The US House Agriculture committee approved a bill that is winding its way to the full House to end the US travel ban on Cuba. The close vote was 25 to 20.
“The Agriculture Committee’s close vote appears to portend rough days ahead for the bill, even though proponents of liberalizing US exchange with Cuba thought this was the best opportunityin years to chip away at the US embargo on Cuba,” said the AP.
While Cuba may have receded from its privileged place among US foreign-policy preoccupations in recent years, anything related to the island dictatorship can still be counted on to raise emotions in Congress.
Any bill raises the issue of Senate filibusters.
Senator Robert Menendez, the son of Cuban immigrants, accuses the travel industry of “happily enriching the Castro regime, simply because Cuba offers white sand beaches 90 miles from our coast.”

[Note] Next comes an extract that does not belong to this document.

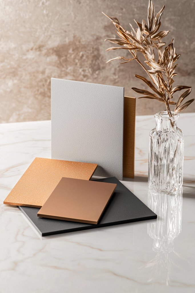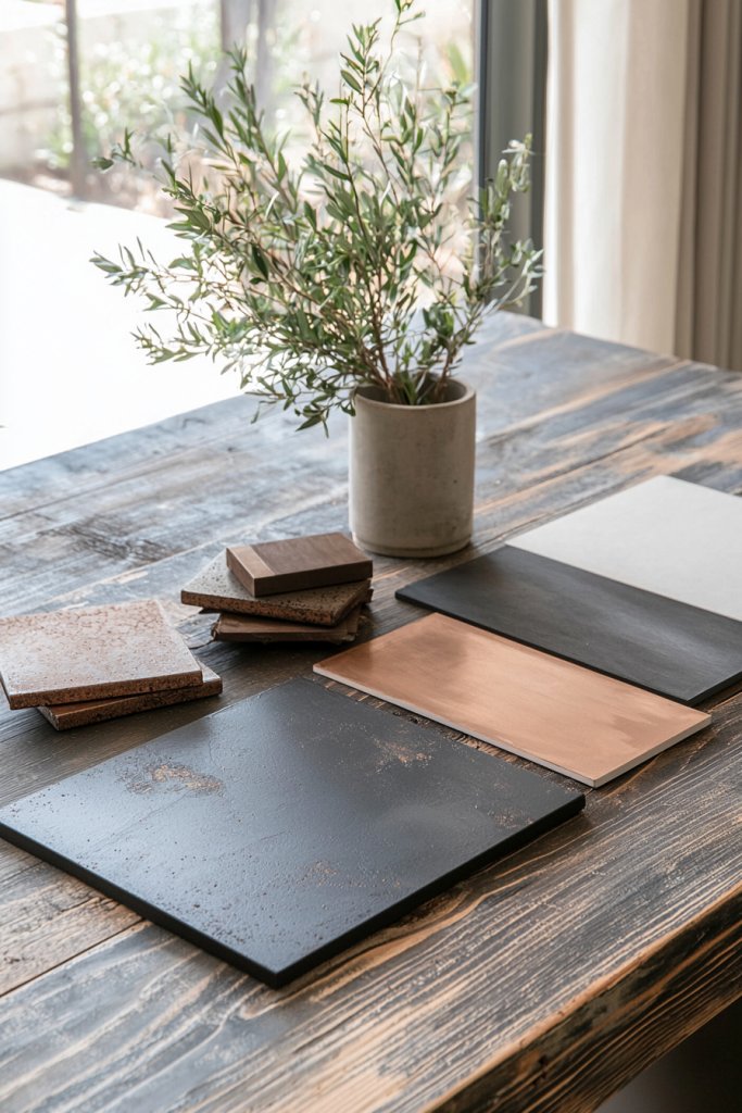 You can elevate your mood board with a mix of metallic elements, from radiant brass fixtures to chic chrome furniture. Consider layering these metallics against rich textures like velvet or deep woods.

US farmers are already allowed to sell to Cuba, but only via transactions in which Cuba pays in advance and through a third-country bank. The legislation would scuttle those requirements.
Pro-trade and free-travel advocates have pushed for lifting the farm-trade and travel embargoes before, but it may be an issue whose time has come, US-Cuba analysts say.
That’s partly because Cuba doesn’t raise the emotional fervor it once did. Another reason is that the Cuban-American lobby is no longer monolithic, with younger Cuban-Americans especially willing to consider something other than the isolationist doctrine of their elders.
Sensing the shift, pro-business and pro-trade groups, including the US Chamber of Commerce, have lined up behind the legislation.
“Enabling Americans to travel to Cuba and expand already legal export operations is an important first step to reforming US policy toward Cuba,” said Bruce Josten, a lobbyist for the US Chamber of Commerce.